The three men looked at one another. Suddenly McCurdie shivered and drew his fur coat around him.
“I’ll thank you,” said he, “to shut that window.”
“It is shut,” said Doyne.
“It’s just uncanny,” said McCurdie, looking from one to the other.
“What?” asked Doyne.
“Nothing, if you didn’t feel it.”
“There did seem to be a sudden draught,” said Professor Biggleswade. “But as both window and door are shut, it could only be imaginary.”
“It wasn’t imaginary,” muttered McCurdie.
Then he laughed harshly. “My father and mother came from Cromarty,” he said with apparent irrelevance.
“That’s the Highlands,” said the Professor.
“Ay,” said McCurdie.
Lord Doyne said nothing, but tugged at his moustache and looked out of the window as the frozen meadows and bits of river and willows raced past. A dead silence fell on them. McCurdie broke it with another laugh and took a whiskey flask from his hand-bag.
“Have a nip?”
“Thanks, no,” said the Professor. “I have to keep to a strict dietary, and I only drink hot milk and water—and of that sparingly. I have some in a thermos bottle.”

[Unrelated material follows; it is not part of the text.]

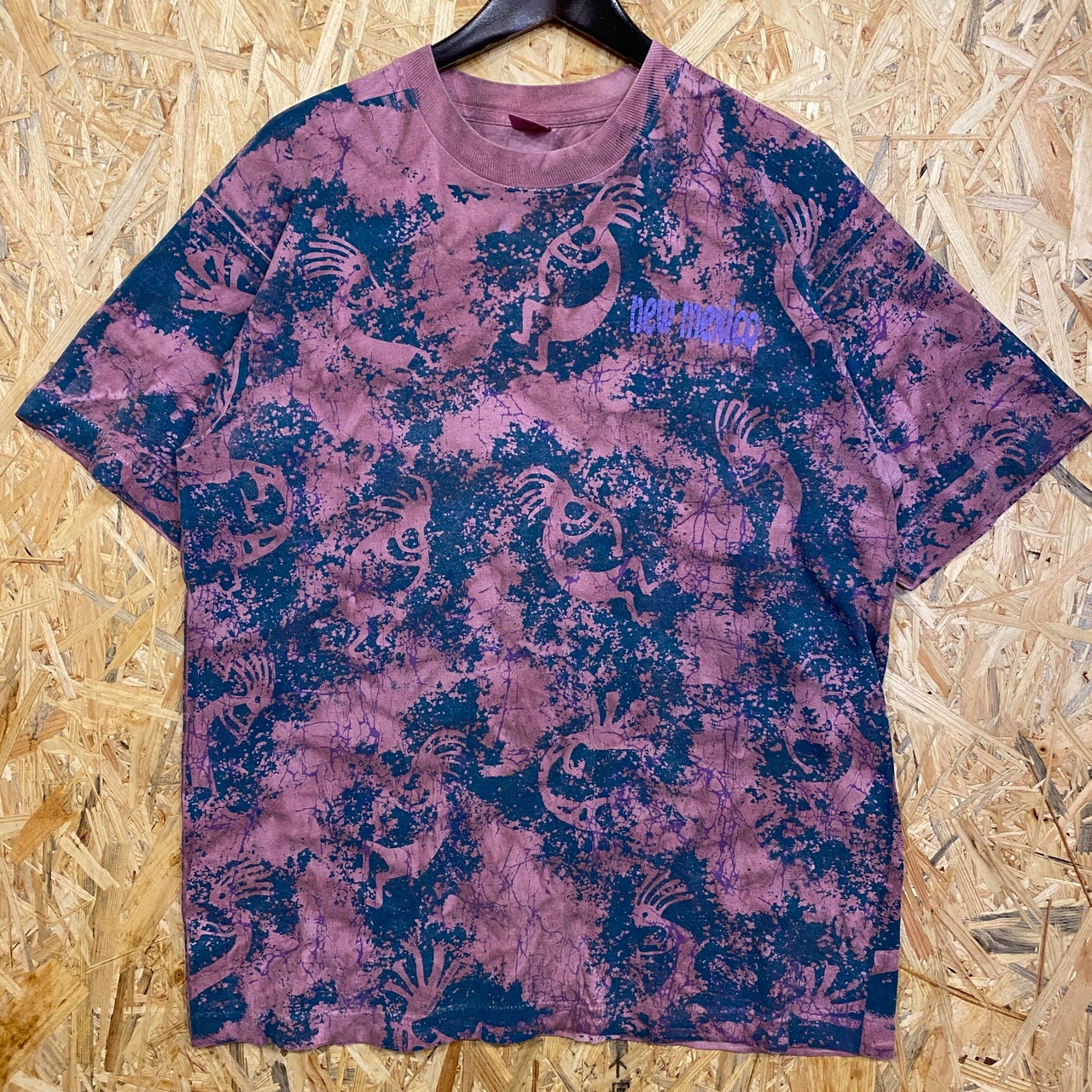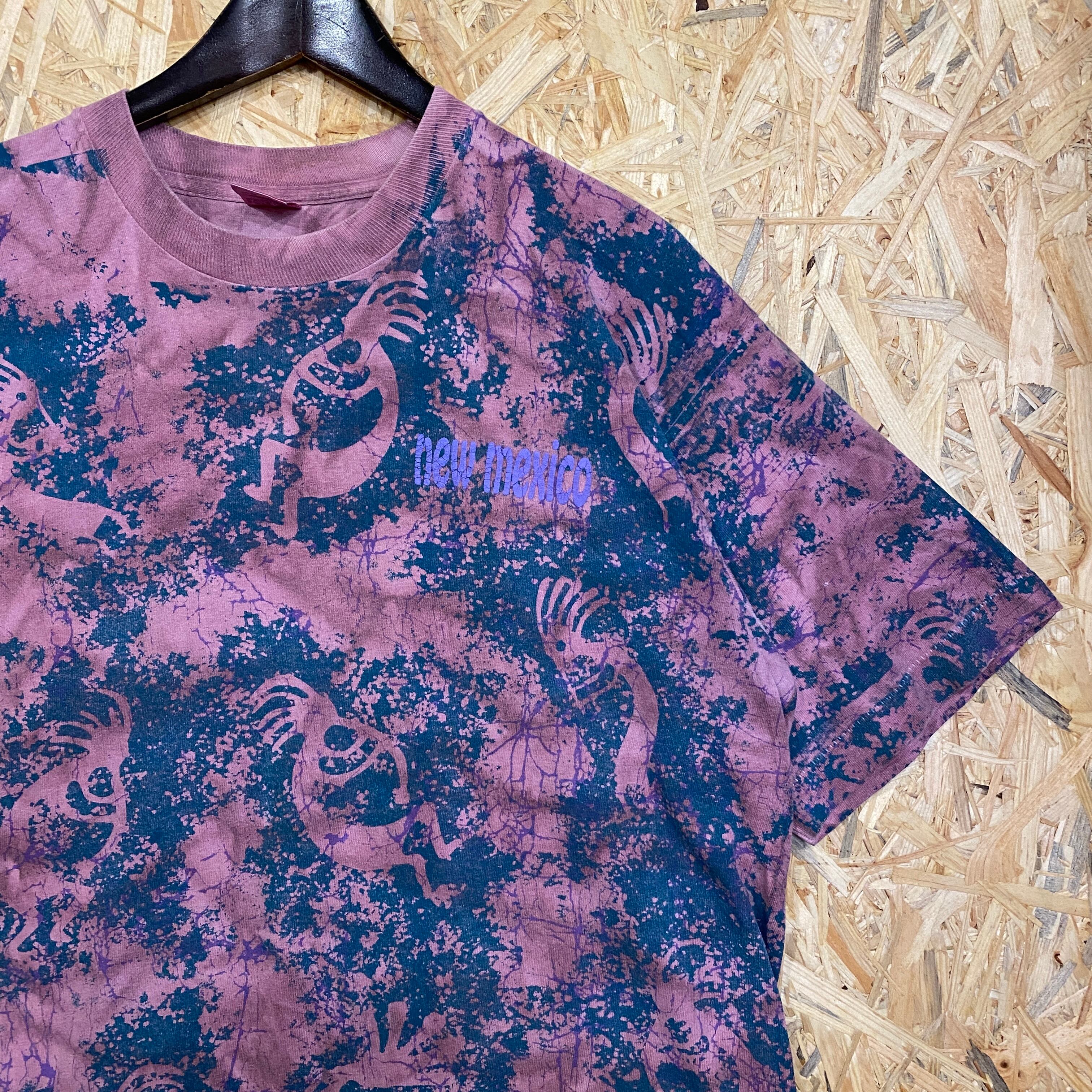 2723 90s 90年代 USA製 フルーツオブザルーム タイダイ Tシャツ 総柄 ニューメキシコ NEW MEXICO シングルステッチ ピンク 古着 メンズ vintage

Lord Doyne also declining the whiskey, McCurdie swallowed a dram and declared himself to be better. The Professor took from his bag a foreign review in which a German sciolist had dared to question his interpretation of a Hittite inscription. Over the man’s ineptitude he fell asleep and snored loudly.
To escape from his immediate neighbourhood McCurdie went to the other end of the seat and faced Lord Doyne, who had resumed his gold glasses and his listless contemplation of obscure actresses. McCurdie lit a pipe, Doyne another black cigar. The train thundered on.
Presently they all lunched together in the restaurant car. The windows steamed, but here and there through a wiped patch of pane a white world was revealed. The snow was falling. As they passed through Westbury, McCurdie looked mechanically for the famous white horse carved into the chalk of the down; but it was not visible beneath the thick covering of snow.
“It’ll be just like this all the way to Gehenna—Trehenna, I mean,” said McCurdie.
Doyne nodded. He had done his life’s work amid all extreme fiercenesses of heat and cold, in burning droughts, in simoons and in icy wildernesses, and a ray or two more of the pale sun or a flake or two more of the gentle snow of England mattered to him but little. But Biggleswade rubbed the pane with his table-napkin and gazed apprehensively at the prospect.
“If only this wretched train would stop,” said he, “I would go back again.”
And he thought how comfortable it would be to sneak home again to his books and thus elude not only the Deverills, but the Christmas jollities of his sisters’ families, who would think him miles away. But the train was timed not to stop till Plymouth, two hundred and thirty-five miles from London, and thither was he being relentlessly carried. Then he quarrelled with his food, which brought a certain consolation.